The NYC Taxi Fare App

I developed an interactive map with statistics and graphs to visualize the distribution of the variables and geographic distribution of taxi rides across the city.

Link to Shiny App: NYC Taxi Fare Shiny App

Introduction

Kaggle’s New York City Taxi Fare Prediction Competition tasked its participants with predicting the fare amount for a taxi ride in New York City given the pickup and dropoff locations. While distance can give a rough estimate and is an obvious important predictor, the RMSE depending on the model will be between $5-$8.

This dataset is quite large: over 55 million rows. Through working on this competition participants learn how to handle large datasets and become familiar with and solve problems using cloud computing services and/or TensorFlow for deep learning models. The evaluation metric for this competition is the RMSE score. This project involved data preprocessing, data cleaning and modeling a large dataset.

Data

The training set contains 55 millions rows (5GB) with 6 predictor variables and one target variable, fare_amount in USD. The test set contains 10,000 rows. The features are:

  1. pickup_datetime
  2. pickup_longitude
  3. pickup_latitude
  4. dropoff_longitude
  5. dropoff_latitude
  6. passenger_count

Project Overview

Data Cleaning and Preprocessing

Summary of Data

The original training set contained rows with extreme or inaccurate values: passenger count greater than 200, fares costing over $1000 and rides with zero passengers.

All predictor variables contained missing values. Because of the training set is more than 1000 times larger than the test set, removing outliers and rows with negative fare amounts or missing values did not cause overfitting and improved performance.

Distributions of Fare Amount and Passenger Count from NYC Taxi Fare Shiny App

Rides with fare amounts greater than $200 were removed. Many rows contained longitude and latitude coordinates in the ocean and not on land, these rows were removed from the training set. Because the large size of the dataset, the data had to be cleaned in chunks, after cleaning, each chunk was appended to a new csv.

Feature Engineering

I added 13 new features. Since this dataset is quite large, adding new features resulted in a rapidly growing dataset and memory usage. Ordinal and numerical features were converted to data type float32 to save memory.

Many people when traveling take trips by taxi from or to airports instead of driving. Taxis have regulated fares to and from the Newark Liberty International Airport (EWR) and John F. Kennedy International airports (JFK). For trips between EWR and New York City, the price is the regular metered fare, plus a surcharge of $17.50 and tolls. Trips between JFK and Manhattan have a flat fare of $52 plus tolls. The regular metered fare which is based on a combination of time and distance applies to all trips to and from LaGuardia International Airport (LGA). Trips to and from airports tend to be higher.

New features

distance: Distance between pickup and dropoff locations.

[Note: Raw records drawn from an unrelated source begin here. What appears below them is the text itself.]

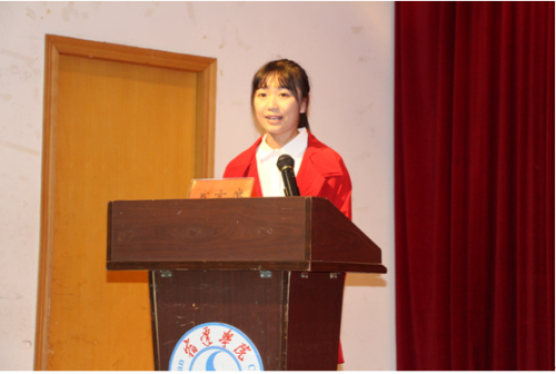 大会第二项议程由新生代表戴群同学进行了发言。首先,她总结了军训的感想,既锻炼了自己的能力,又丰富了自己的阅历。她倡导同学们树立明确目标,常泡图书馆,加入自己喜欢的社团,并在课余时间,勤工俭学,减轻父母的负担。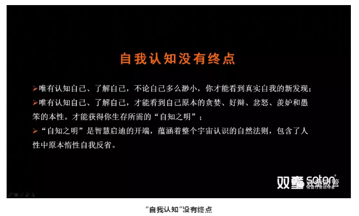 通過這十三個特征的分享,樓(lóu)仲平引導員工們自我認知沒有(yǒu)終點,人要有“自知之明”,否則,你就算擁有世界最高的學曆,還是一個(gè)無知(zhī)而愚笨之人。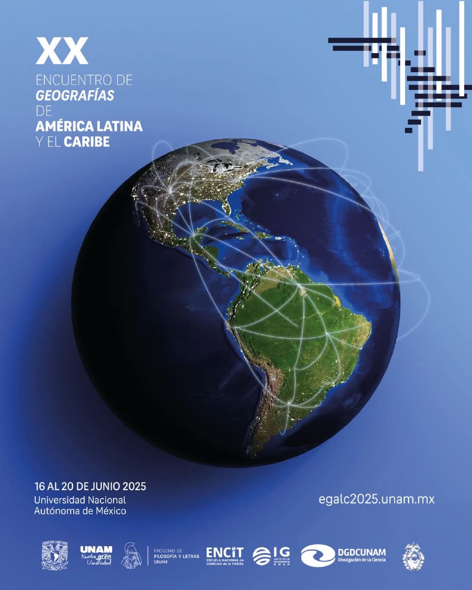 El XX Encuentro de Geografías de América Latina y el Caribe (EGALC) se llevó a cabo del 16 al 20 de junio de 2025 en la Facultad de Filosofía y Letras, en el campus Ciudad Universitaria de la Ciudad de México. Incluyó, en los días previos, visitas a Teotihuacán y a Xochimilco, y el fin de semana posterior a Taxco, Guerrero y a Mineral del Chico, Hidalgo. Además, se realizaron recorridos guiados por ese monumento artístico y patrimonio mundial de la UNESCO que es el maravilloso campus central de Ciudad Universitaria. También visitamos los laboratorios, bibliotecas y mapotecas del Instituto de Geografía y el espectacular Universum.

dropoff_jhk: Distance between dropoff location and JFK airport. pickup_jhk: Distance between pickup location and JFK airport.

dropoff_ewr: Distance between dropoff location and EWR airport. pickup_ewr: Distance between pickup location and EWR airport.

dropoff_lga: Distance between dropoff location and LGA airport. pickup_lga: Distance between pickup location and LGA airport.

year, month, day of month, hour, day of week: Year, month, day of month, hour of pickup date and time.

Modeling

Correlation Heatmap

The correlations between the features and the target are very low. Nonlinear models such as tree based models do better in such cases where none of the predictors are highly correlated with the target variable. I chose LightGBM for its speed and performance. LightGBM is 10–8 times faster than XGBoost. Because of lightGBM’s efficiency, training the model on 55 million rows took less than 3 hours. I used the pickle library to save my model as binary file for convenience.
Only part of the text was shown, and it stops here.